Much of the change in technology evident in Michigan wood production is in response to the changing nature of the raw materials available. As average wood size decreases, processes such as finger jointing and gluing of smaller pieces of wood are more commonly used. Other efforts to stay competitive include adoption of labor-saving technology and increased value-added production. The following sections give an overview of the types of technological change taking place by product. The discussion is predominantly drawn from the U.S. Forest Service publication An Analysis of the Timber Situation in the United States: 1989-2040 (Haynes, 1990).

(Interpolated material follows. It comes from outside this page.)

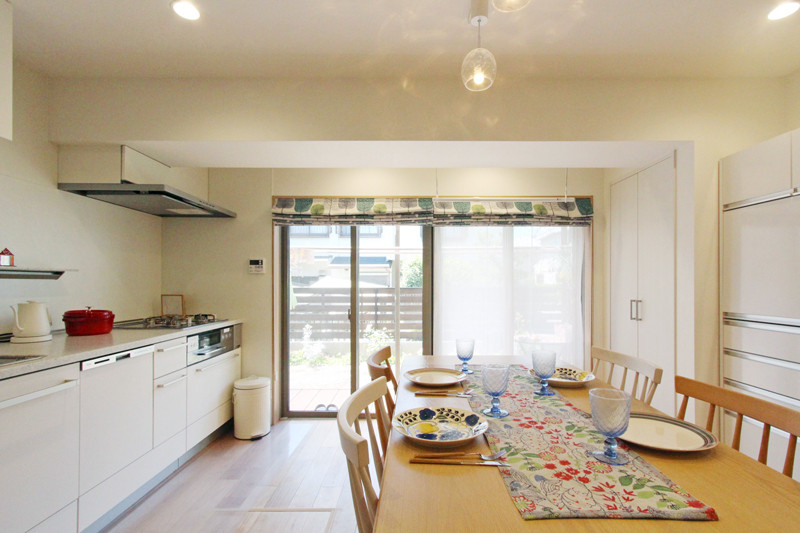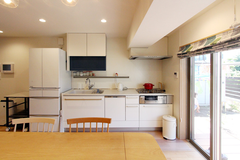 キッチンは対面式ではなくあえて壁付けにすることで、空間を広く使えるように工夫しました!
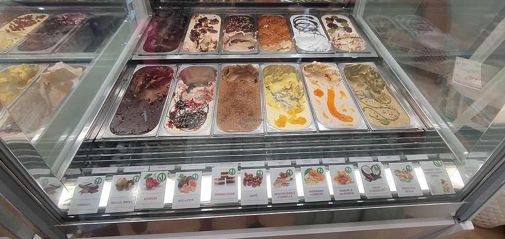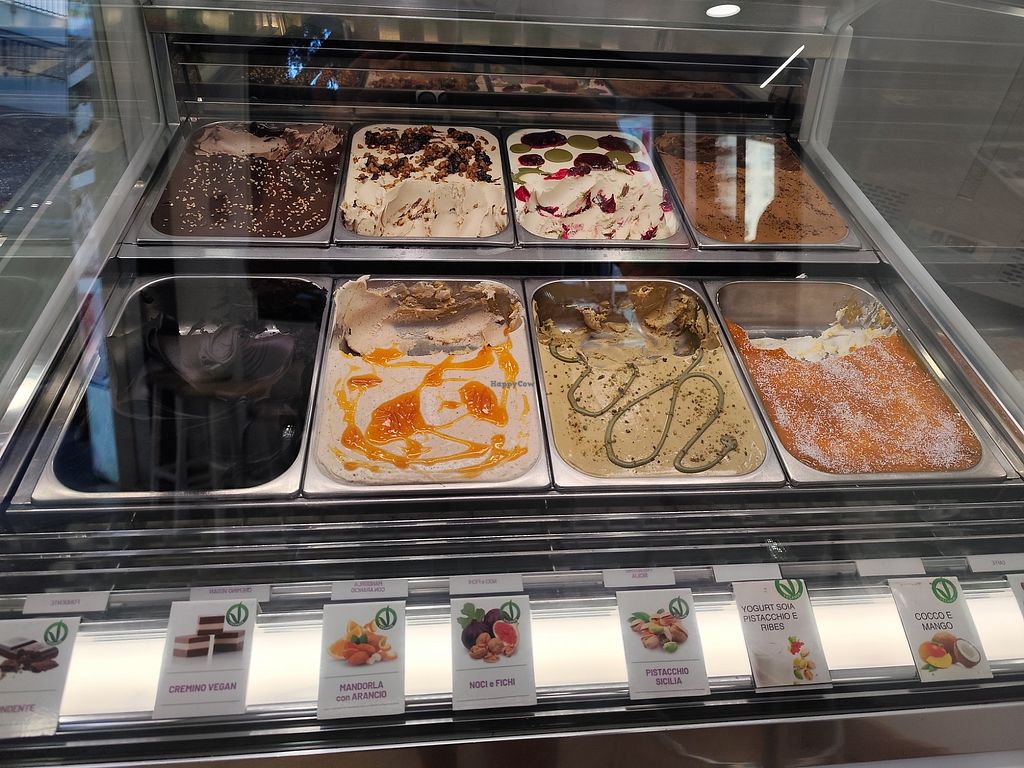Read moreHa una vetrina dedicata a tutti i gusti con base vegetale (circa 12gusti). E non i soliti sorbetti. Proprio no.

HARDWOOD LUMBER AND DIMENSION STOCK
The main pressures to improve or change hardwood lumber processing techniques stem from the need to manufacture sufficient better grade material to meet export and domestic demand. Modernization, computer-aided manufacturing and computer-controlled processing are key elements in this change. Computerized log shape scanning and computerized sawing decision technology are available and being adopted by some large mills. Computer-aided edging and trimming are also coming into use. Saw kerfs will continue to get narrower in an attempt to reduce the 12 to 18 percent of a log that ends up as sawdust.
A system that incorporates many of the above technologies is the Automated Lumber Processing System (ALPS). In the ALPS, logs are scanned internally to locate the position of internal defects. Computers use the position of defects to determine and control log breakdown to maximize grade or value yield of boards. After drying and superficial surfacing, video image analysis locates and classifies defects on each board. Cutting is then carried out by computer-controlled conventional cutting or high-powered laser cutting.
Greater use of predryers and computer controls that allow smooth or continuous curve drying are improving grade recovery by reducing degrade in the drying process. The use of vacuum kilns will increase but, because of the energy costs per board foot, they will continue to be a very small percentage of the new kiln market. Dehumidification kilns will become less attractive because of the high cost of approved (R134A) freon (Mathews, 1993). The emphasis will be on increasing the energy efficiency of existing technology.
New products such as hardwood laminated veneer lumber- thick, defect-free panels produced from low-grade timber- may replace hardwood lumber in some markets. Another potential technology being studied is the production of various composites of wood and other materials, such as wood and plastic (Balatinecz and Woodhams, 1993) or wood and cement (Moslemi, 1993).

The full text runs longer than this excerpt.